Please, without any pictures, transcribe the lines from the one holding "Notice the attention" to the end of the listing, both ends included.

[[ Dataset section open ]]

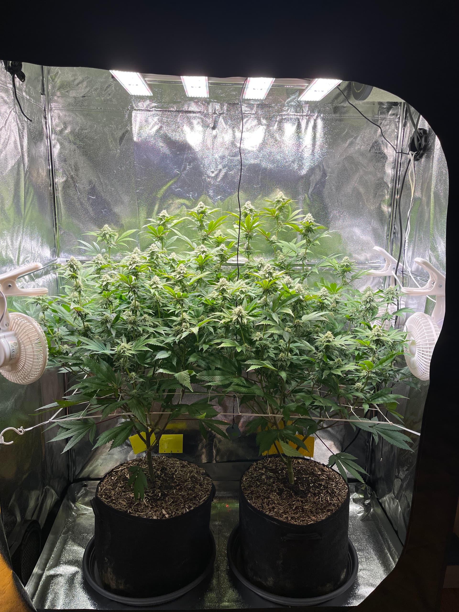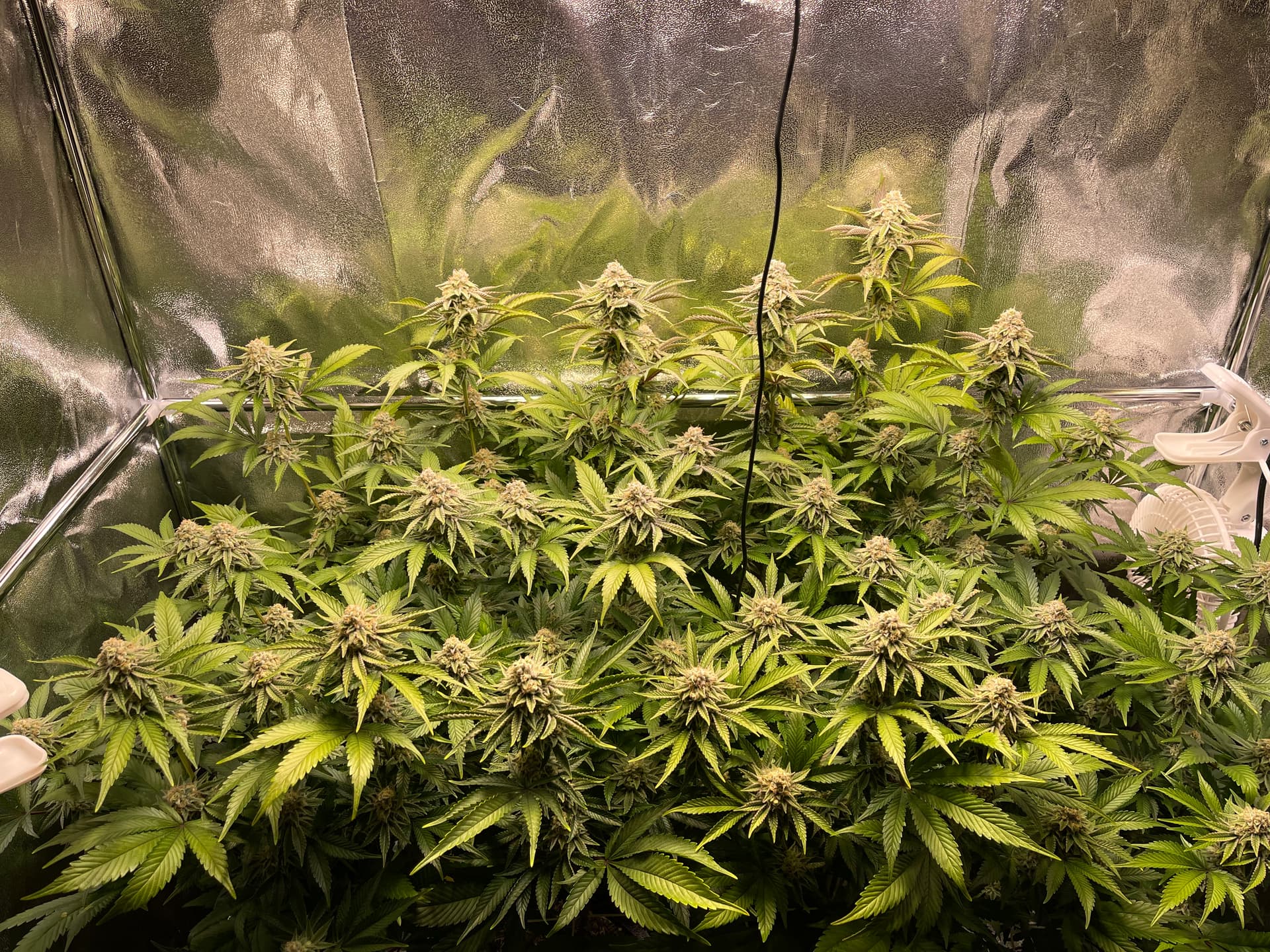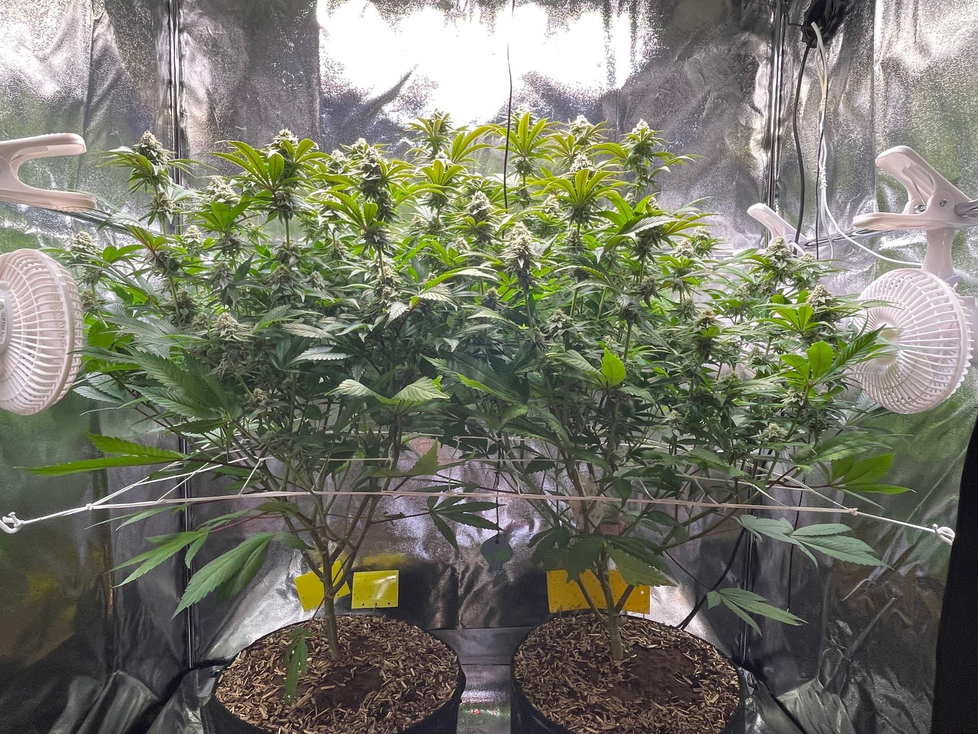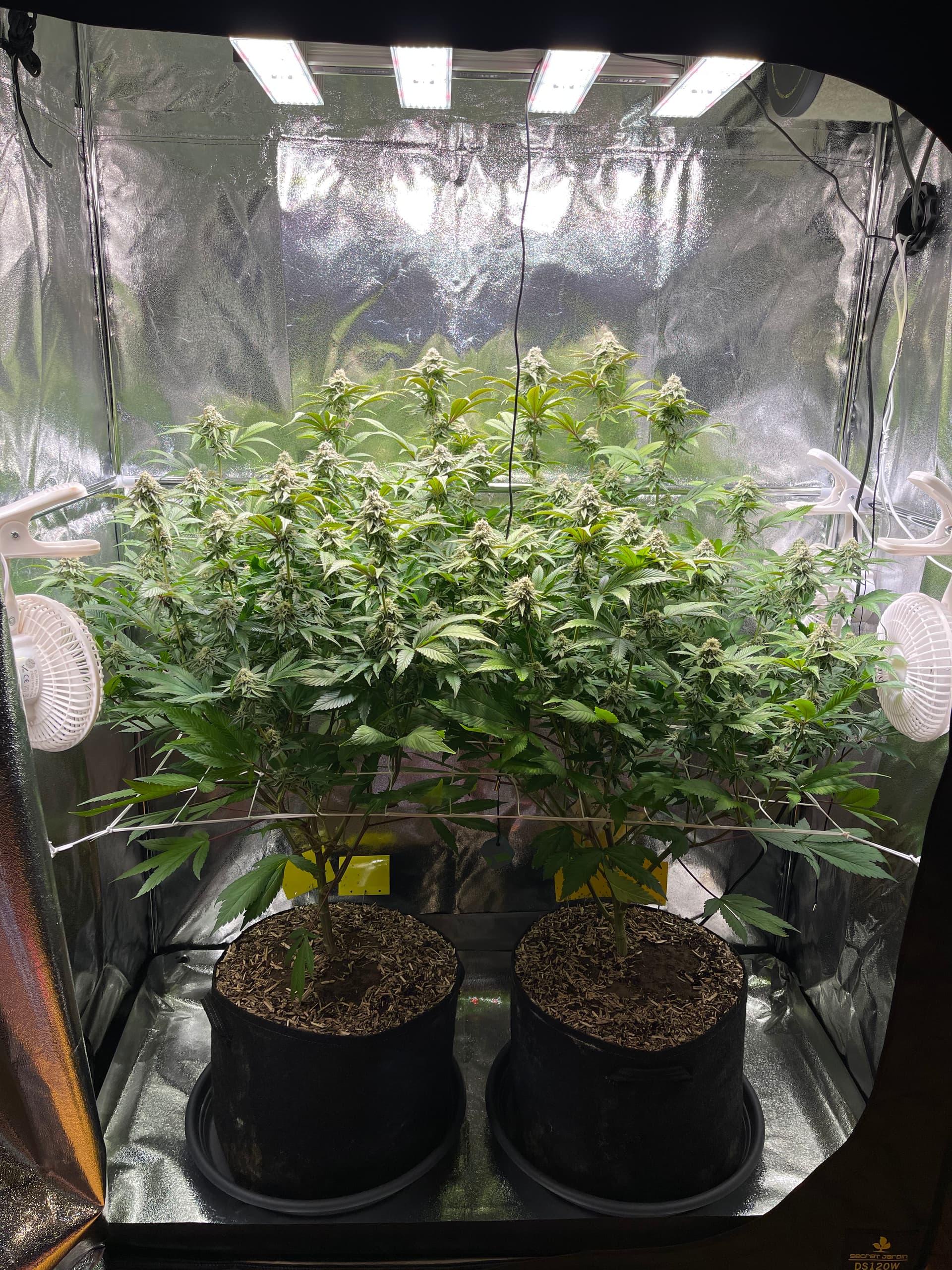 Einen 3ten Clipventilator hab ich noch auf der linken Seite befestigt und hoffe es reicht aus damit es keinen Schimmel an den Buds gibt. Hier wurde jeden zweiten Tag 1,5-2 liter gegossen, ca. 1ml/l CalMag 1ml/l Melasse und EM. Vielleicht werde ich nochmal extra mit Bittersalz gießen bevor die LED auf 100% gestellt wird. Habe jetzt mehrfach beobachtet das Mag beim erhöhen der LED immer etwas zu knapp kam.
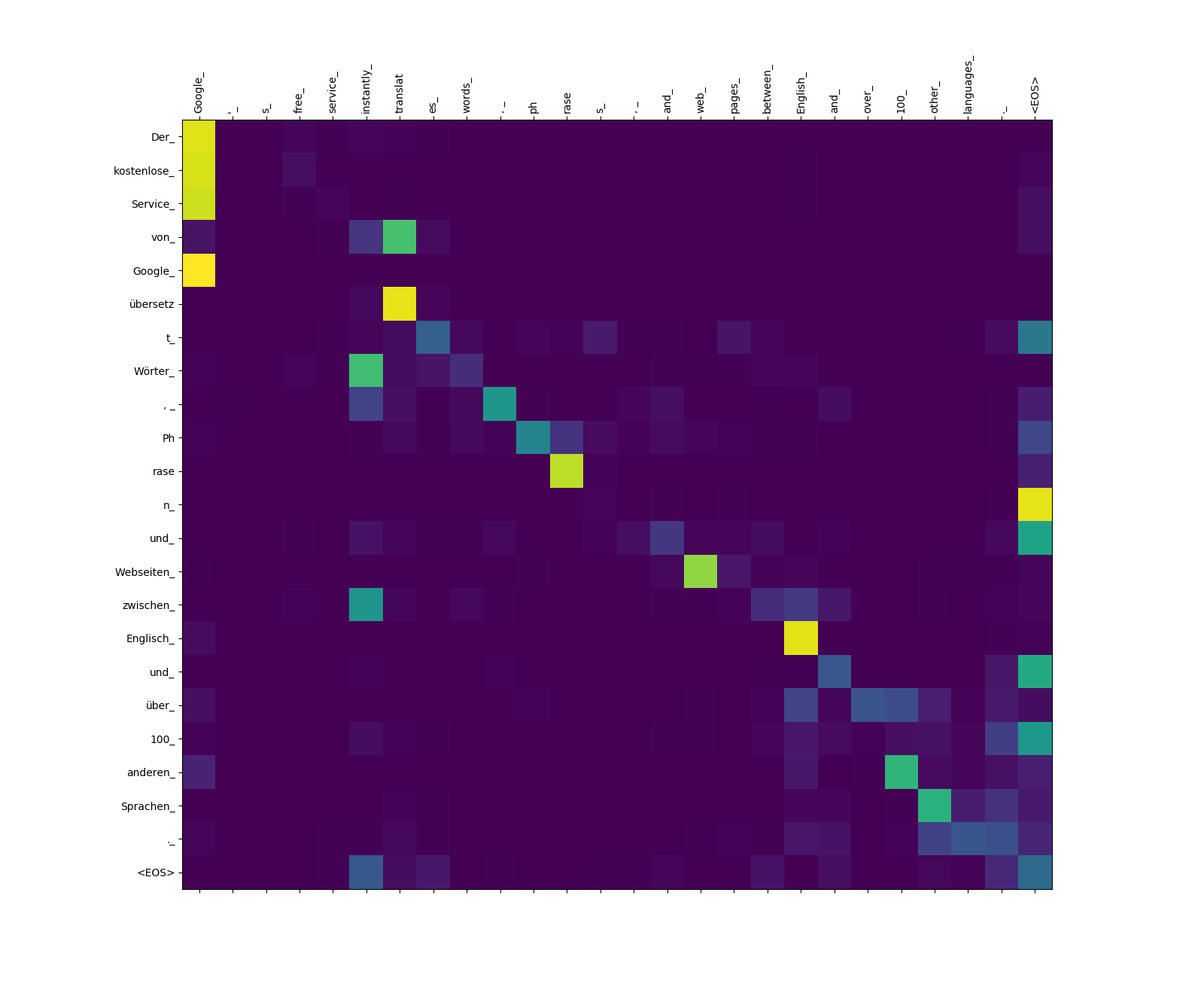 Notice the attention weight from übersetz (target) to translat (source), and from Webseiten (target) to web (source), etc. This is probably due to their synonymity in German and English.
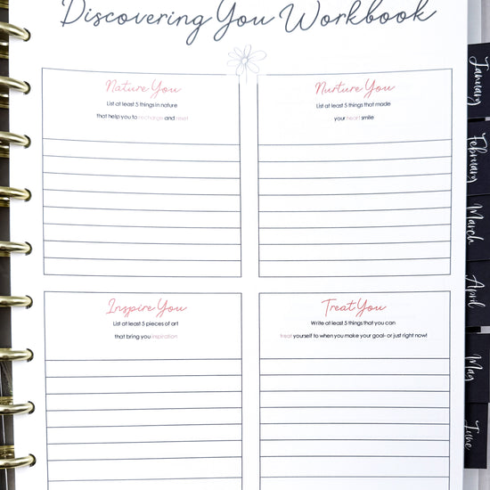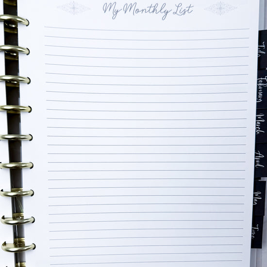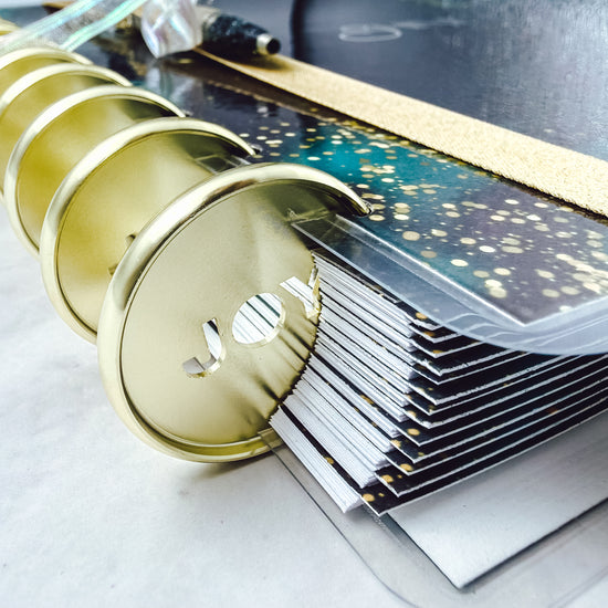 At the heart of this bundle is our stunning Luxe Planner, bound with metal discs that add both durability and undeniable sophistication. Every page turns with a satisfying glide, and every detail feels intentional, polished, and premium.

[[ Dataset section closed ]]

## Solution to this task
 Notice the attention weight from übersetz (target) to translat (source), and from Webseiten (target) to web (source), etc. This is probably due to their synonymity in German and English.
 At the heart of this bundle is our stunning Luxe Planner, bound with metal discs that add both durability and undeniable sophistication. Every page turns with a satisfying glide, and every detail feels intentional, polished, and premium.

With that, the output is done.